The proposed solution involves representing pattern sets as
bytecode and executing it in an interpreter embedded in MLIR, as with
SelectionDagISel, but using a pipeline built with MLIR and
representing patterns as an MLIR dialect. This pattern dialect should
be able to express a superset of TableGen patterns and, if necessary,
hook into native function calls to provide power similar to writing
C++ patterns. Optimizations can be performed on sets of patterns
represented in this intermediate form, which is then injected into the
existing framework, allowing interoperability with existing C++
patterns. Allowing emission of this intermediate form from “front-
ends”, such as Python, JSON, and TableGen, enables users to specify
patterns dynamically, without rebuilding the compiler. Then, pattern
sets can be distributed separately from the compiler itself. Or, users
can modify patterns on-the-fly with whatever DSL they work in. This
specification leads to a series of sub-problems. Of them include
designing the pattern dialect to be feature-complete, optimizing this
intermediate form, “lowering” pattern sets into a byte-code, and
designing the interpreter, in addition to how this system will
integrate with the existing infrastructure and how it needs to be
modified. An early version of this work was presented at an MLIR Open
Design Meeting, see slides here: https://docs.google.com/presentation/d/1e8MlXOBgO04kdoBoKTErvaPLY7
4vUaVoEMINm8NYDds/edit?usp=sharing
|
Case Study: LLVM Optimizations for AI Applications Using RISC-V V Extension
— Chia-Hsuan Chang (National Tsing Hua University, Taiwan),
Pi-You Chen (National Tsing Hua University, Taiwan),
Chao-Lin Lee (National Tsing Hua University, Taiwan),
Jenq-Kuen Lee (National Tsing Hua University, Taiwan)
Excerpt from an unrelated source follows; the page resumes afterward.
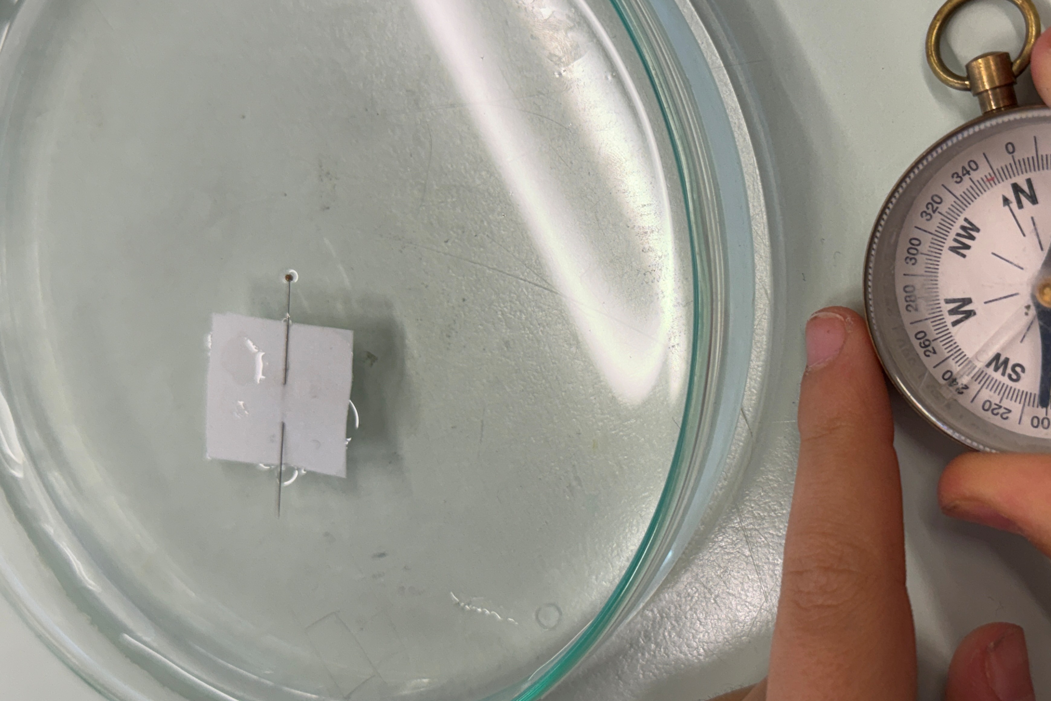 Im Physikunterricht baute die Klasse 5a mit einfachen Materialien einen Kompass. Zunächst wurde eine Petrischale mit Wasser gefüllt. Anschließend magnetisierten die Schülerinnen und Schüler eine Stecknadel, indem sie diese mehrmals in derselben Richtung mit einem Magneten strichen. Danach wurde ein kleines Stück Papier auf die Wasseroberfläche gelegt und die magnetisierte Stecknadel vorsichtig darauf platziert. Nach kurzer Zeit richtete sich die Nadel selbstständig aus und zeigte die Nord-Süd-Richtung an.

RISC-V is an open ISA with small and flexible features. Hardware
vendors for RISC-V could select the extension by their requirements
for the specific application. Among the extension, vector extension is
one of the RISC-V extensions to enable the superword SIMD in RISC-V
architectures to support the fallback engine of the AI Computing. As
the specification is still new, there are needed supports in the LLVM
compiler site. In our paper, we describe the techniques to efficiently
support RISC-V with V extension at LLVM via both vector intrinsic
functions and basic llvm vector builders. Note RISC-V vector extension
allows one to dynamically set the size of each element in the vector
and also the amount of vector elements. This was designed in the
specification to allow the flexibility to deploy different widths for
low-power numeric with different layers in the deep learning models.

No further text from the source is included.